Adolescence is a period of several brain changes, making it especially vulnerable to external influences. Abuse of psychoactive drugs, such as caffeine (CAFF), generates changes in cognitive functions. The main pharmacological targets of CAFF are mainly the A1R and A2AR adenosine receptors, which can regulate GABA homeostasis. We therefore evaluated the influence of CAFF intake upon GABA uptake and release in the frontal cortex (FC) of adolescent Swiss mice and addressed the underlying mechanism. Mice were treated for 5 days with a subcutaneous injection of CAFF (10, 20, and 40 mg/kg) every 24 h, and the FC dissected out at 1 h after the last injection for measurement of [3H]-GABA uptake and release, cAMP accumulation, and density levels of GAT-1, A1R, A2AR, PKA, and PKC. Calcium (Ca2+) imaging was performed on primary neuronal cultures treated with CAFF (200 μM).
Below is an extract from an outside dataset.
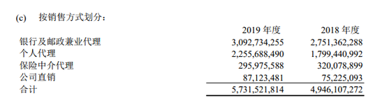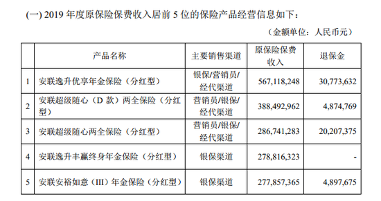 究其缘由,中德安联保费来源于四个渠道,其中银行渠道占比最重,这就导致公司成本负担大。据2019年年报显示,2019年中德安联通过银邮渠道获得保费收入为30.93亿元,在总保费中占比达到了53.96%。与此同时公司2019年保费收入前五大产品均毫不例外为分红型。

CAFF increased [3H]-GABA uptake at all doses studied, an effect reversed by incubation with the selective GAT-1 uptake inhibitor, NO-711 (10 μM). At 20 and 40 mg/kg, CAFF also increased [3H]-GABA release. CAFF also increased A1R, but not A2AR levels. The influence of CAFF involves pPKC activity since CAFF enhanced the pPKC/PKC ratio, while the PKC-inhibitor Gö 6983 (100 nM) reversed the facilitatory action of CAFF upon GABA transport and prevented the CAFF-induced increase in the frequency of Ca2+ transients in neuronal cell cultures. We conclude that CAFF alters GABAergic homeostasis in the FC, increasing GABA transport through PKC-activity modulation.